長期記憶には4つの種類があるのだが、大きく2つに分けられる。「陳述記憶」と「非陳述記憶」である。陳述記憶は言葉で表すことのできる記憶、非陳述記憶は言葉にしにくい記憶とされている。

非陳述記憶には「手続き記憶」と「情動記憶」があり、いずれもその記憶が発動する時に、我々はそれを意識しない。手続き記憶の例としては、歩く時の身体の使い方、言葉を発する時の口や舌の使い方など、運動の巧緻性を含めた身体の使い方に関する記憶である。この記憶は、大脳基底核という脳深部にある神経細胞の集まった部位と小脳に保存されており、意識されることはなくても無意識の中で働いている。

一方、情動記憶は、ある特定の出来事や人、もの、音、匂いなどが恐怖や喜びなどの情動と結びつくようになった記憶であり、これも無意識の中で発動し、人の好みや性格、考え方などに強く影響するようになる。何かを決める時の優先事項である「好み」は無意識の中の情動記憶が関わっている。

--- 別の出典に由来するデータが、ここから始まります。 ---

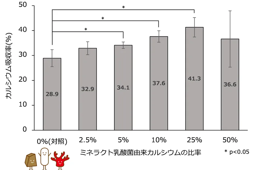 ミネラクト乳酸菌を配合した試験溶液では、対照の試験溶液に比べて、ラットの十二指腸におけるカルシウム吸収率が高いという結果が得られました(図)。

この情動記憶は、古典的には、扁桃体にあるとされてきた。この扁桃体が記憶の獲得に必要な「海馬」と言われる場所に隣接している点は、情動に関連した情報が記憶に残りやすい点を説明してくれる。

ところが最近の脳科学の研究から、扁桃体の重要性が誤っているわけではないのだが、情動記憶の形成にはより広い脳領域が関係していることがわかってきたのである。つまり、情動記憶も次に示すエピソード記憶や意味記憶と結びついて、脳全体に保管されていると考えられるようになったのだ。